René Fallet avait vingt ans lui-même lorsqu'il écrivit son premier roman en 1946. On y trouve déjà la gouaille poétique, cet esprit libertaire, tendance partisan-du-moindre-effort plutôt qu'activiste, qui font le sel de ses livres les plus connus comme « le Beaujolais nouveau est arrivé », « le braconnier de Dieu » ou « Les vieux de la vieille ». Ses personnages y sont animés d'un anarchisme viscéral, irréfléchi, non pas théorisé mais simplement vécu au quotidien et allant de soi, parce qu'inhérent à la nature humaine pour peu qu'on y regarde d'un peu plus près.

Avec « Banlieue sud-est », René Fallet avait l'ambition de faire le portrait de la « jeunesse 1944 », cette jeunesse qui entend jouir de ses meilleures années et pour cela rejette les valeurs de ses aînés qu'elle juge responsables d'une situation qu'elle n'a pas choisie. le travail, l'autorité, le sens du sacrifice, très peu pour ces jeunes. Ni collabos ni résistants, simplement attentistes (comme l'immense majorité de la population française), ils portent avec eux l'insouciance, la débrouille, l'entraide, l'amitié et l'amour pour tout bagage moral. Pourtant, il arrive que les évènements entraînent dans leur tourbillon même ceux qui s'en tiennent à l'écart…
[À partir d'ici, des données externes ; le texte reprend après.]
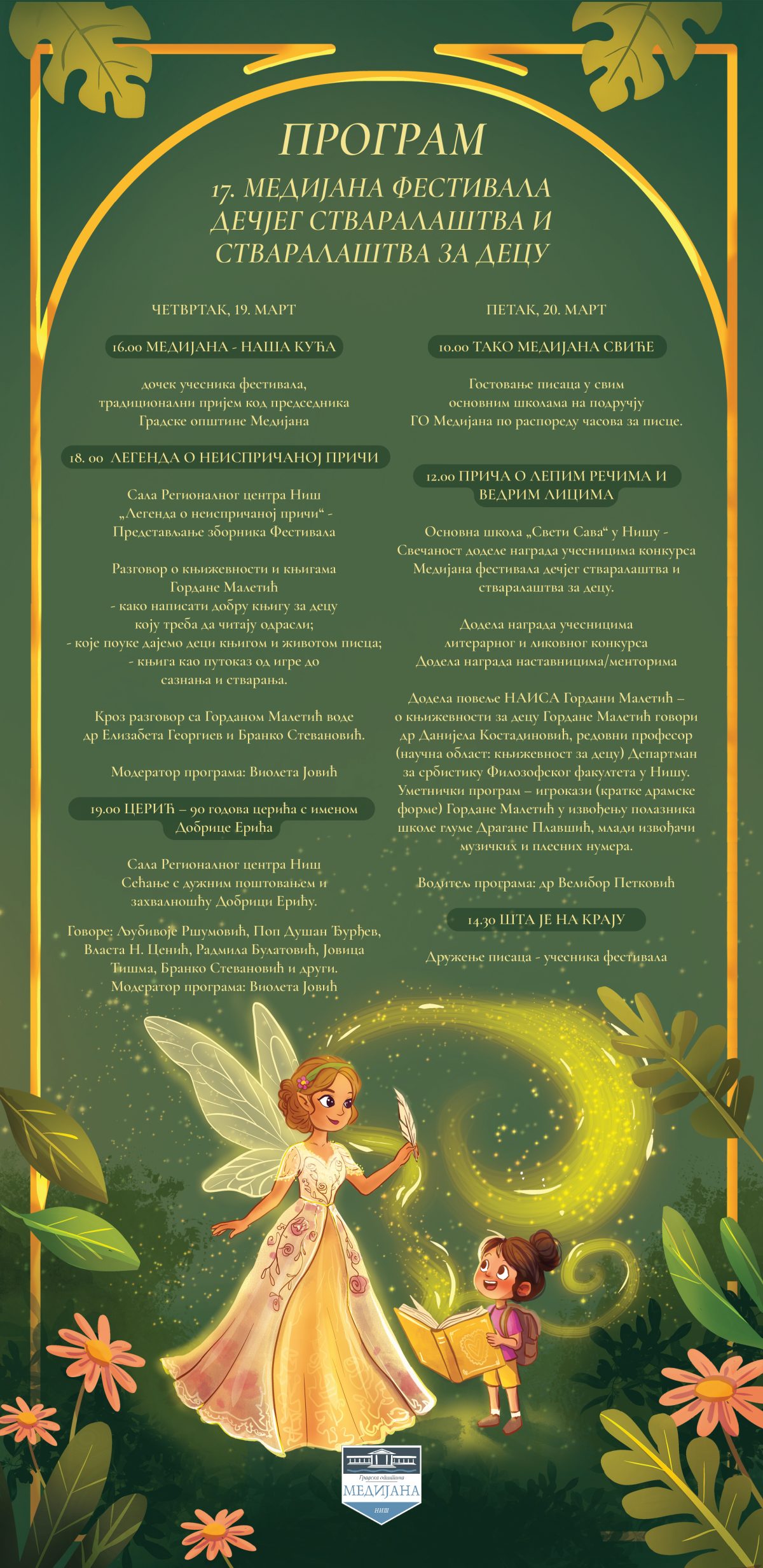Градска општина Медијана позива вас да будете део дводневног програма посвећеног књижевности, машти и таленту најмлађих. Фестивал доноси сусрете са истакнутим писцима, разговоре о књижевности, сећање на великане српске поезије, као и свечану доделу награда најуспешнијим младим ауторима.

Ainsi le livre se fait plus grave au fil des pages, introduisant des éléments dramatiques qu'on a peu l'habitude de rencontrer dans l'oeuvre de René Fallet, même si on perçoit toujours sous la joie de vivre de ses romans un fond de désespoir lié à la conscience qu'on ne laissera jamais vivre en paix les réfractaires, les insoumis, les anticonformistes, même pacifiques. « Les braves gens n'aiment pas que / l'on suive une autre route qu'eux », comme dit la chanson. Il n'en reste pas moins que cet ami de Georges Brassens, de Jean Carmet et de Pierre Brasseur, cet autodidacte dévoreur de livres, chérissait plus que tout la poésie et la liberté. « Oublier la liberté… La bafouer, passe encore, c'est un acte conscient, mais l'oublier, quelle tristesse… ». Un livre à lire et à méditer.